Dell’antisemitismo presente e crescente nel mondo si è scritto, parlato e documentato; l’allarme più volte suonato, ma, alla fine, non è stato fatto nulla. Dopo l’azione assassina di Hamas del 7 ottobre e la reazione israeliana – che non poteva, naturalmente non esserci, ma non come l’ha attuata il premier israeliano nel far mancare anche gli aiuti umanitari a una popolazione ridotta alla sopravvivenza e vittima, essa stessa, dei terroristi di Hamas ha finito per dare sponda alle più varie e confuse varie contrarietà contro Israele - si sono verificati due punti di valutazione tra chi riteneva che la soluzione “due popoli due stati” potesse stare ancora in piedi e chi, invece, riteneva fosse tramontata definitivamente. A nostro avviso quest’ultima ipotesi è ciò che vuole il premier israeliano. In passato, infatti, anche grazie a finanziamenti del Quatar Netanyahu, lasciando libero insediamento ai coloni che rappresentano l’ala destra dello schieramento politico israeliano ha giocato di sponda con Hamas per liquidare definitamente l’autonomia politica della Cisgiordania, ossia il pre-Stato di Palestina. Ai coloni Netanyahu si appoggia per consolidare il proprio potere personale sapendo bene che la fine di questa vicenda, quando avverrà, segnerà pure quella della sua presenza sulla scena politica.

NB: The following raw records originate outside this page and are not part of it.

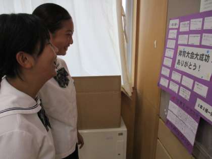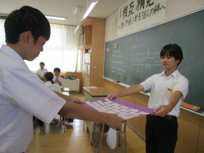 先日行われた体育大会での感謝の気持ちをメッセージにし、3年生から1、2年生に贈りました。
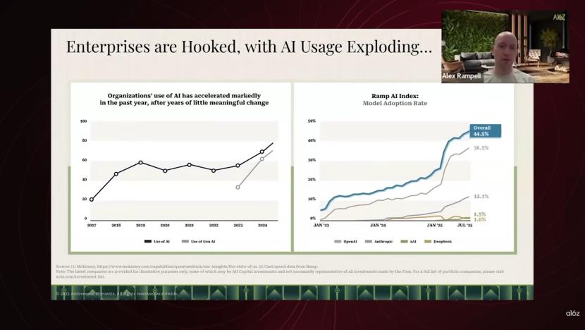 两年前,ChatGPT刚发布时,大家觉得它像个能写剧本的新奇玩具。但现在,它已经渗透进企业,实实在在地为人们节省时间和金钱。以企业支出管理公司Ramp为例,我们可以看到具有前瞻性的公司(不仅仅是初创公司,也包括拥有数千员工的传统企业)正在积极采用AI技术。这不仅是曲线的平稳增长,而是一个剧烈的拐点。
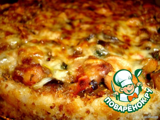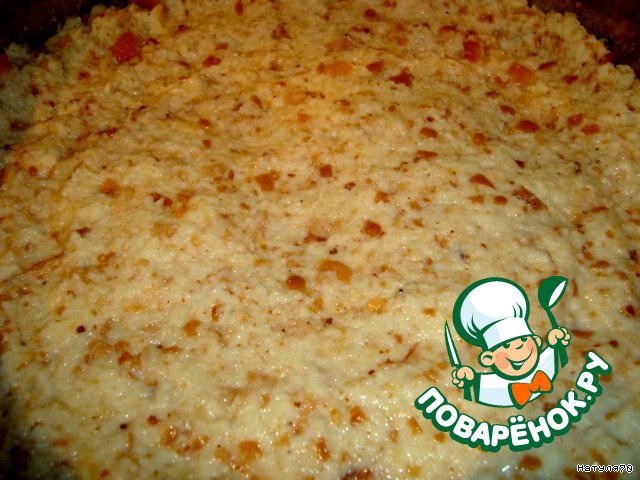 Батон размачиваем в молоке, добавляем яйцо, хорошо вымешиваем. Форму смазываем маслом, выкладываем массу в форму, делая небольшие бортики.
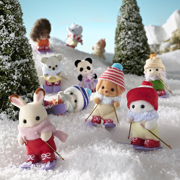 赤ちゃんたちがクロスカントリーに挑戦🎿 トップを華麗に滑っていくのはショコラウサギのクレム✨ 2番手だったマシュマロネズミのアルバートは転んじゃったみたい…! 坂道に苦戦している子もいますね💦 みんな頑張って! #シルバニアファミリー #シルバニア #シルバニア赤ちゃん #クロスカントリー
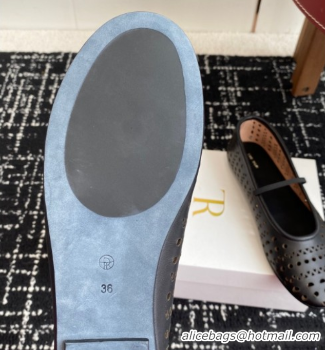 Your Position: Home > Shoes Plaza > The Row Shoes > Discount The Row Elastic Ballet Flat in Openwork Leather Black 0604088
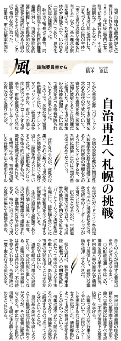 <風・論説委員室から>と題されたコラムにおいて、鈴木教授は札幌市の第5次市民自治推進会議座長として、市民参加型の行政運営を進める上での注意点についてコメントしています。
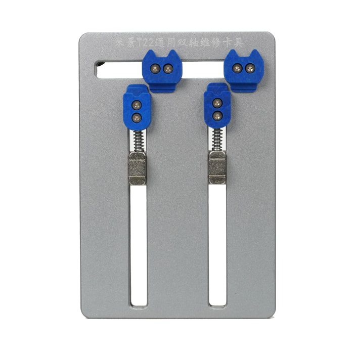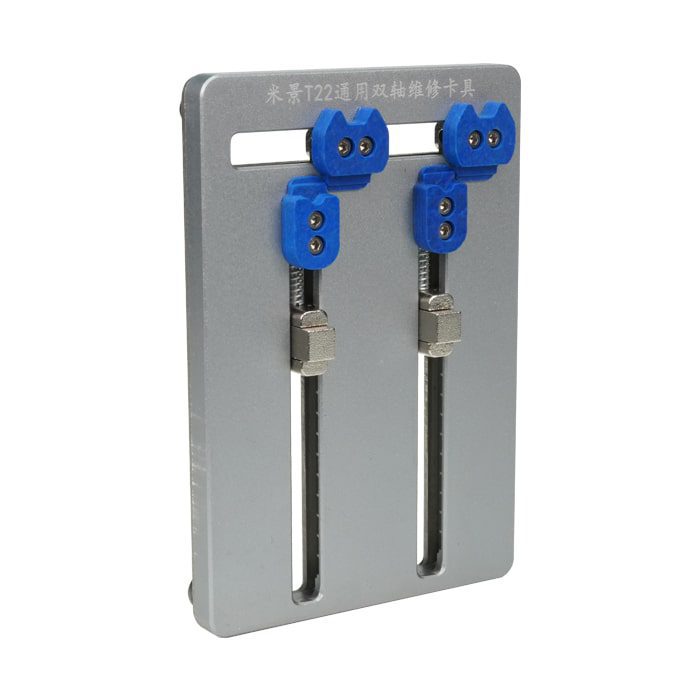 گیره برد Mijing t22 – این فیکسچر مناسب نگهداری انواع برد و آی سی گوشی های موبایل هنگام لحیم کاری و یا پاک کردن چسب آی سی و دیگر قطعات میباشد. گیره برد یونیورسال به شدت در برابر حرارت مقاوم است.این فیکسچر را می توان در فواصل مختلف سطح بالا متوسط و پایین تنظیم کرد، زیر قسمتی که برد قرار میگیرد آزاد می باشد تا حرارت در زیر برد فشرده نشود و به قطعات زیرین آسیبی نرساند.همچنین در قسمت اصلی فیکسجر دو پیچ برای فیکس شدن برد روی گیره قرار دارد.مدل T22 یونیورسال از برند MJ دارای دو محور متحرک عمودی می باشد.
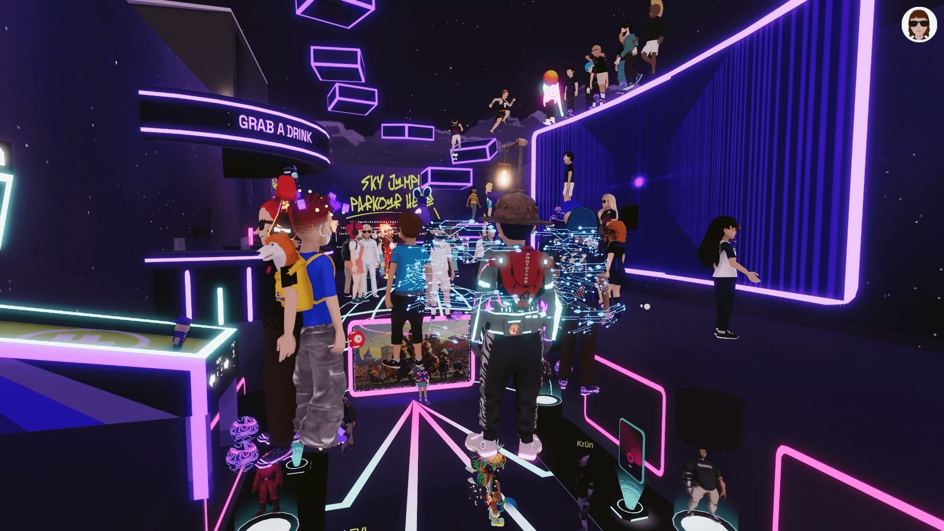 En el tercer piso, se encuentra un espacio enfocado al entretenimiento con juegos, un DJ y hasta un bar con bebidas digitales. En este piso, los fans bailaron y jugaron a minigames participando en un leaderboard por premios como: tarjetas de Riot Points, Packs de Minecraft Premium y cuentas de Discord Nitro.
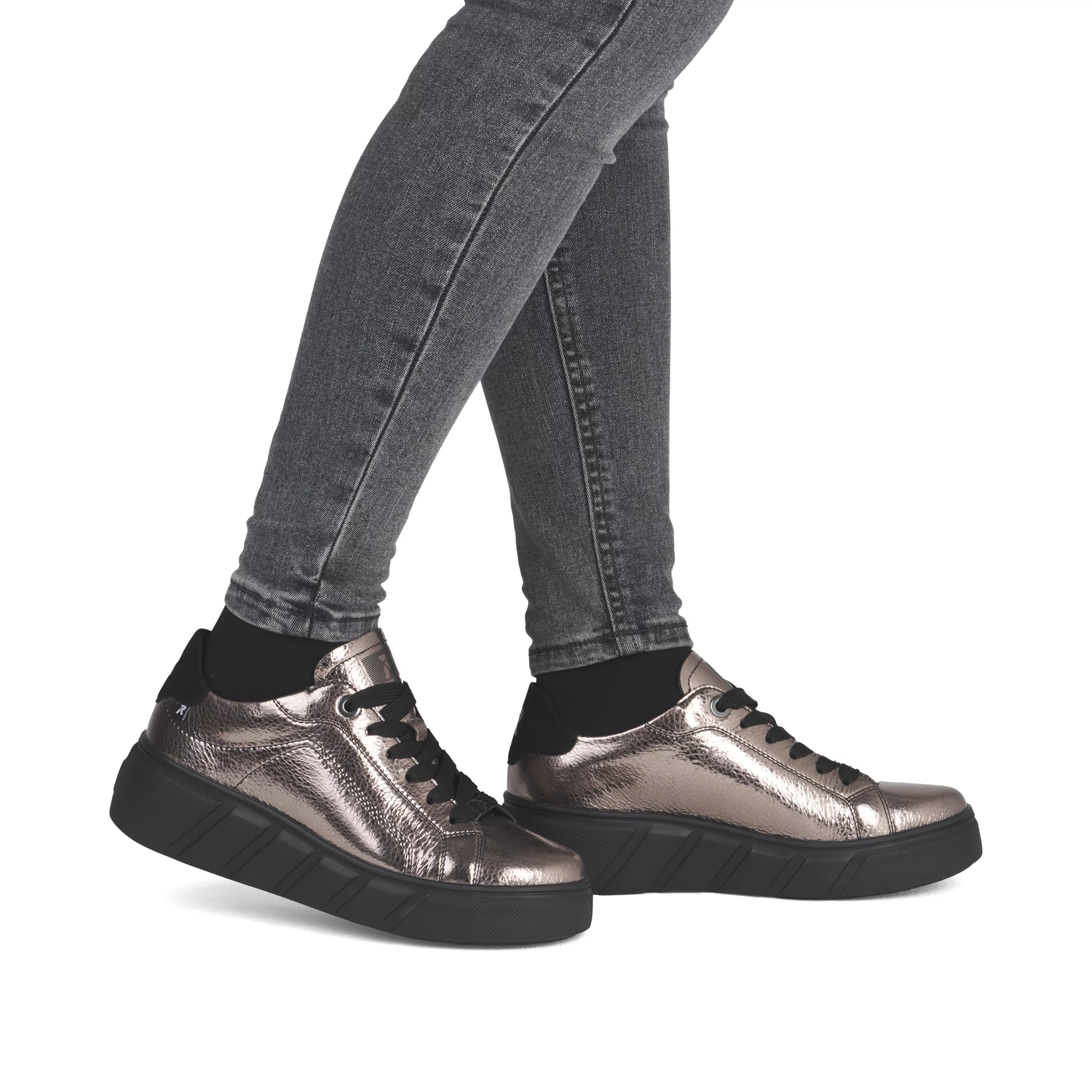Adoptez un look futuriste et tendance avec les baskets argentées à plateforme Rieker. Ces baskets basses pour femme combinent style et confort grâce à leur design moderne et leurs matériaux de haute qualité. Que vous cherchiez une paire de baskets pour vos sorties quotidiennes ou pour compléter votre garde-robe avec une touche métallique, les baskets W2601-91 argentées sont faites pour vous.
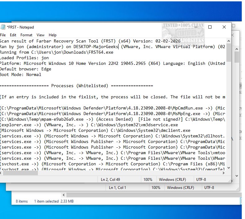 Farbar Recovery Scan Tool quickly scans and then displays detailed information about the Windows Registry loading points, services, driver services, Netsvcs entries, known DLLs, drives, and partition specifications. It will also list some important system files that could be patched by malware. The report provided is automatically saved as FRST.txt in the same directory as the original download for easy access. It contains a lot of information but is presented in a relatively easy-to-read format.
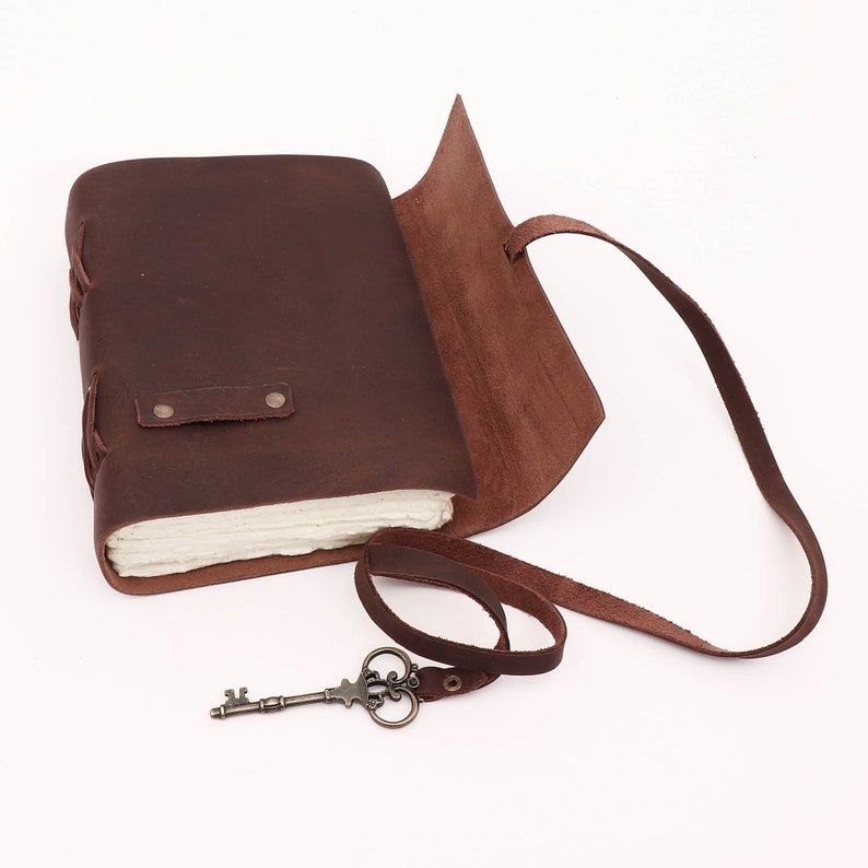 Кожаный блокнот из белой бумаги с декоративным ключом для мужчин и женщин и подарочным дневником коричневого цвета
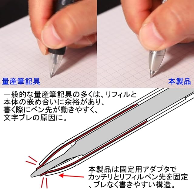 ぺンジャケットの中には部品が1つだけ。固定⽤のアダプタにペン先が装着できてカッチリとリフィルを固定、ボディ内にリフィルが収まりブレを無くし、思った通りに書きやすくします。
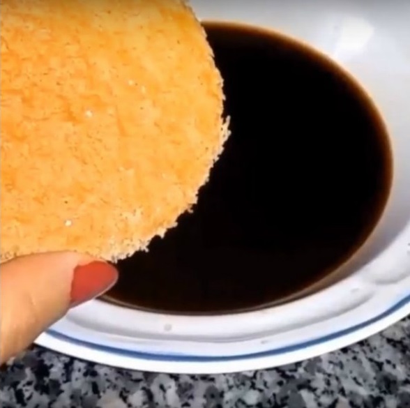 2. Używając szklanki powycinaj 8 kółeczek z biszkoptu. W ostudzonej kawie namaczaj wycięte kółeczka.
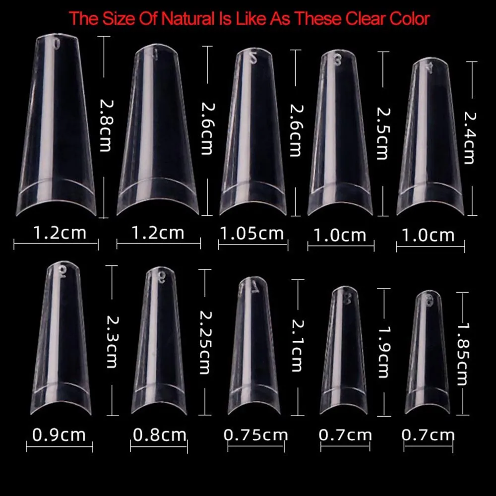 3. Натуральные наконечники для ногтей 500 шт.: 10 различных размеров (0-9) для разных пальцев, 50 наконечников для каждого размера.
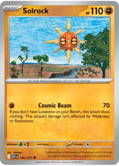 Solrock #106 is a Uncommon card from the Ascended Heroes expansion of the Pokémon Trading Card Game. It is part of the Mega Evolution series.
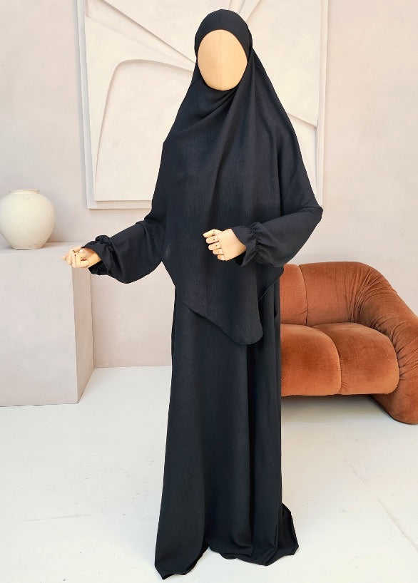 Two-Piece Satin for Jilbab Set Handmade Premium Quality ABAYA Khimar Omani Style for Adults Traditional Muslim Clothing
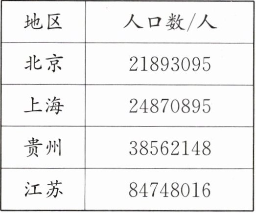 四、下表是我国第七次人口普查部分地区的普查人口数据。
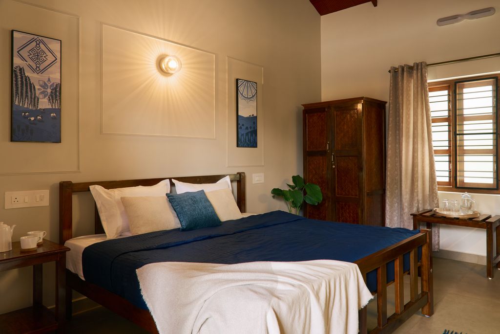 Set within a quiet coffee estate, Terra Haze is a four-room retreat built entirely with terracotta blocks, giving the space a warm, earthy character. Designed in an L-shaped layout, the property is known for its gentle haze, soft morning light wrapping in two rooms, while the others glow subtly in the evening.
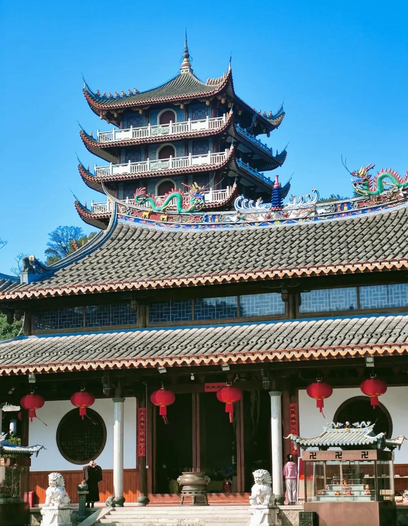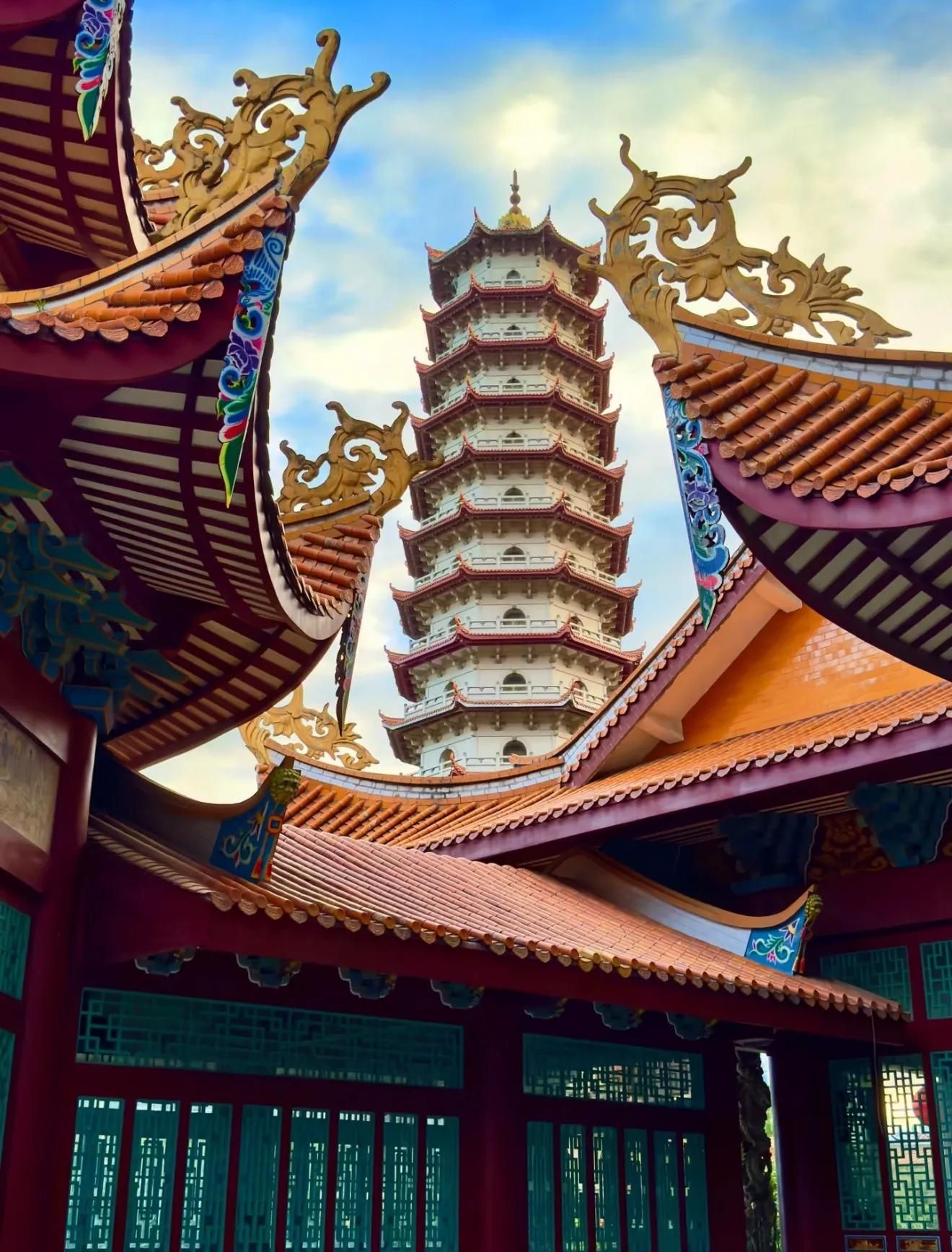 一进入寺庙,便能看到放生池上的九曲桥,犹如江南园林般婉约,曲径通幽。池内有许多和信徒放生的乌龟,它们在水中自由自在地游弋,为寺庙增添了一份生,机与灵动。沿着小路前行,塔影湖光、红荔翠竹相互映衬,美不胜收。

Tralasciando quanto sarebbe necessario, ossia tornare con precisione logico-storica sulle diversità tra antisionismo, antisemitismo, senso dello Stato di Israele e pure se la comunità ebrea possa considerarsi un popolo o una nazione - solo per ricordare alcune tematiche fondamentali della questione - ma passando subito al dato politico nella condanna più assoluta del, 7 ottobre e non sulle ragioni della risposta che ci doveva essere e non poteva che essere dura, ma su come essa a un certo punto è diventata barbarie antiumanitaria, noi crediamo che la soluzione dei “due popoli due Stati “sia l’unica possibile.
Fino ad oggi tale soluzione è stata considerata alla stregua di una formula magica; essa racchiude una verità e una debolezza. La verità è che la pace e la convivenza non hanno altra strada che questa; la debolezza è che, trattandosi di due popoli uno dentro l’altro, non è prevista nessuna forma di salvaguardia delle minoranze interne. Latita, cioè, il diritto internazionale a dare costrutto alla soluzione politica.
In Israele vive una comunità araba che ha uno status differenziato da quello della popolazione ebrea, perché nello Stato palestinese non potrebbe esserci una comunità ebrea con un suo status? In fondo succede anche in Italia con l’Alto Adige. Nel caso della Palestina andrebbero rimosse le occupazioni coloniali dei coloni e poi costruire le forme della convivenza.
Semplicistico o utopico? No, politicamente realistico. I morti di Washington ci danno il livello cui è giunto l’odio contro gli ebrei; i brividi ci corrono lungo la schiena. Allora perché, da parte di tanti governi, invece di invocare un’azione dell’Onu, visto che l’Onu è fatta dai Paesi che ne fanno parte, dopo le solite frasi di rito al dolore per l’assassinio commesso, non viene presa un’iniziativa, dentro l’Onu, per una grande, planetaria campagna, contro l’antisemitismo?